EXCERPTED DATA —
<<<<
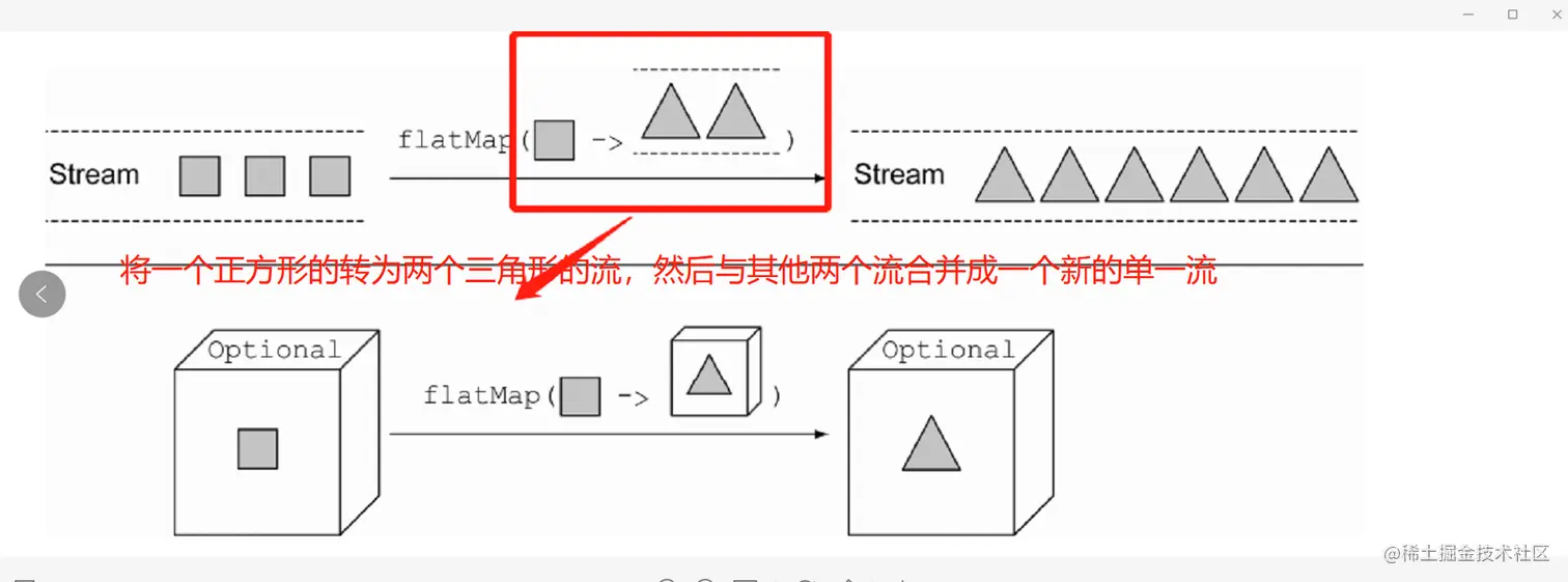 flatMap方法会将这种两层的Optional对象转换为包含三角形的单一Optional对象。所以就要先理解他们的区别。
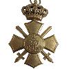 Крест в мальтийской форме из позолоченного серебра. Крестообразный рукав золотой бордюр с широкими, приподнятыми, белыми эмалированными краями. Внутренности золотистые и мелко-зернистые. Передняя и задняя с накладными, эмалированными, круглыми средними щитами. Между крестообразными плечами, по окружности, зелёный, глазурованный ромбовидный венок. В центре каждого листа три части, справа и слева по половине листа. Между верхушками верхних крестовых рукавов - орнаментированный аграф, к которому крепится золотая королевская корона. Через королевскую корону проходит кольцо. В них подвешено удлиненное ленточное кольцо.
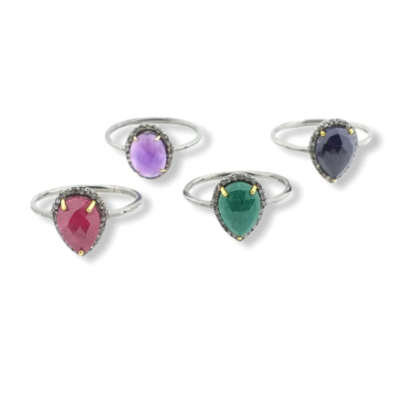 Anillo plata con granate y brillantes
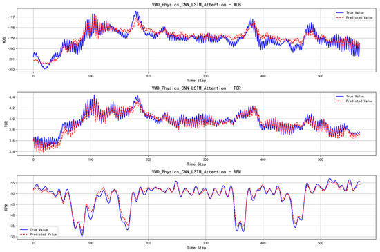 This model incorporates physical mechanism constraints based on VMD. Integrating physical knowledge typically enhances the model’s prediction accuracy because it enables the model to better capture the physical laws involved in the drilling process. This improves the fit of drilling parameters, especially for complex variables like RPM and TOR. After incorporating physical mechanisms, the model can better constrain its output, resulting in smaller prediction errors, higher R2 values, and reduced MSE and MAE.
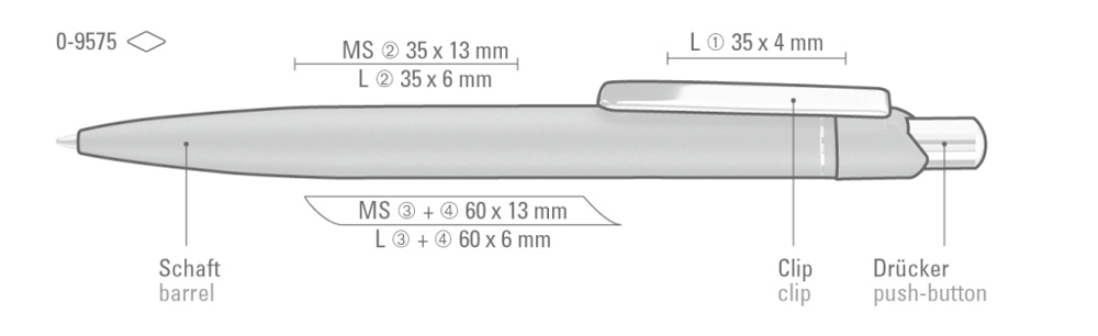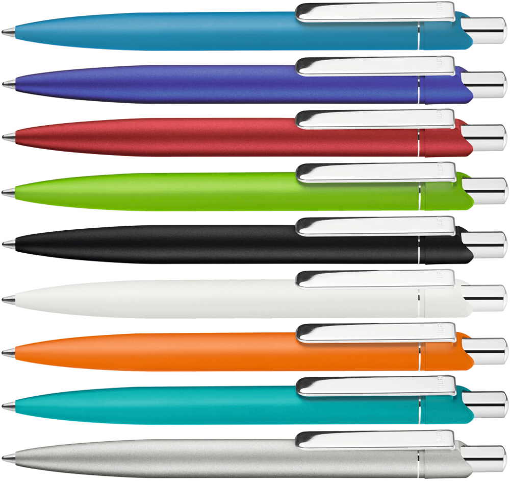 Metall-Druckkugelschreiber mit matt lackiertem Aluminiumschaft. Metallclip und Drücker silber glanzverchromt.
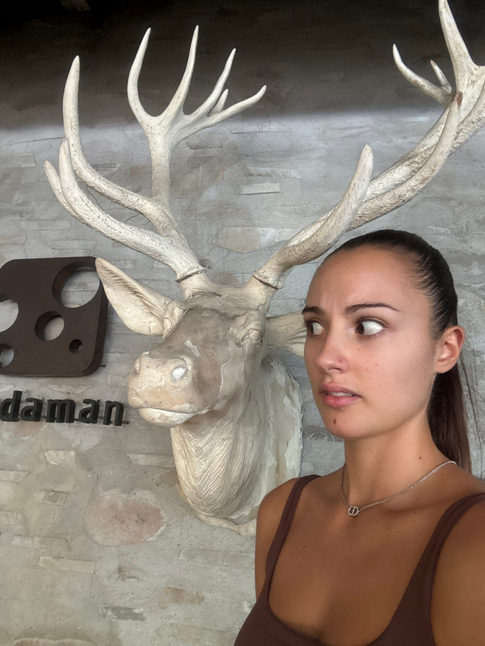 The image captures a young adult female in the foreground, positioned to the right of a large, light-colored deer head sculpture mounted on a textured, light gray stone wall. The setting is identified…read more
>>>>
TRY IT — From the line that contains "Metall-Druckkugelschreiber mit matt" to the last line of the data, print each line exactly, both ends included, and omit the pictures.

EXERCISE RESPONSE —
 Metall-Druckkugelschreiber mit matt lackiertem Aluminiumschaft. Metallclip und Drücker silber glanzverchromt.
 The image captures a young adult female in the foreground, positioned to the right of a large, light-colored deer head sculpture mounted on a textured, light gray stone wall. The setting is identified…read more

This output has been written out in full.